Using simulation-based education to improve residents’ clinical decision making skills in developing countries

Ibrahim Bashan, James M Cooke, Deborah M Rooney.

Abstract
Background
Recently, a significant increase occured in the use of medical simulation technology for teaching and assessment. Improved patient safety during medical education has driven simulation-based education (SBE), particularly in resident education. Although many countries have integrated SBE into their undergraduate programs, some developing countries, including Turkey, have been slow to apply SBE into their graduate programs.
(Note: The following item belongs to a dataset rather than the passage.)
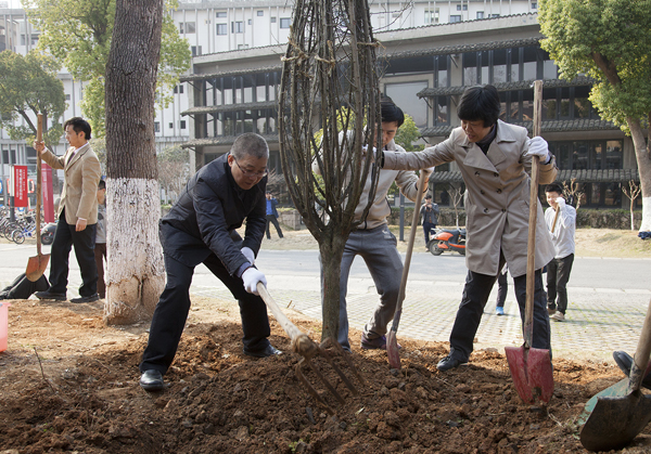3月17日上午,学院在象山校区开展了“植树造林美化校园,创建绿色生态和谐校园”的活动。学院党委班子成员钱晓芳、许江、宋建明、胡钟华、孟云生、刘正、姜玉峰以及院办、校园建设和管理处、团委(学生会)等四十余人参加了植树活动。

We propose a review of existing examples of SBE used which may promote the implementation of similar curricula in developing countries.

Methods
To derive a representative sample of relevant curricula, we performed a web-based literature review using the search terms “simulation” and (“ graduate, resident”) and (“clinical decision-making” or ‘‘clinical reasoning”) and “training’’.
Results
Of the 83 original articles, ten resulting articles were relevant to SBE used to support residents’ clinical decision-making in six clinical areas. We summarize the ten curricula and discuss them in the context of three primary considerations (course administration, content development, and assessment program evaluation) so they may be applied in similar graduate curricula in Turkey and others.
Conclusions
It is obvious that simulation-based education offers benefits. In particular, graduate-level training programs used to support clinical decision-making are critical to the development of competent physicians around the world.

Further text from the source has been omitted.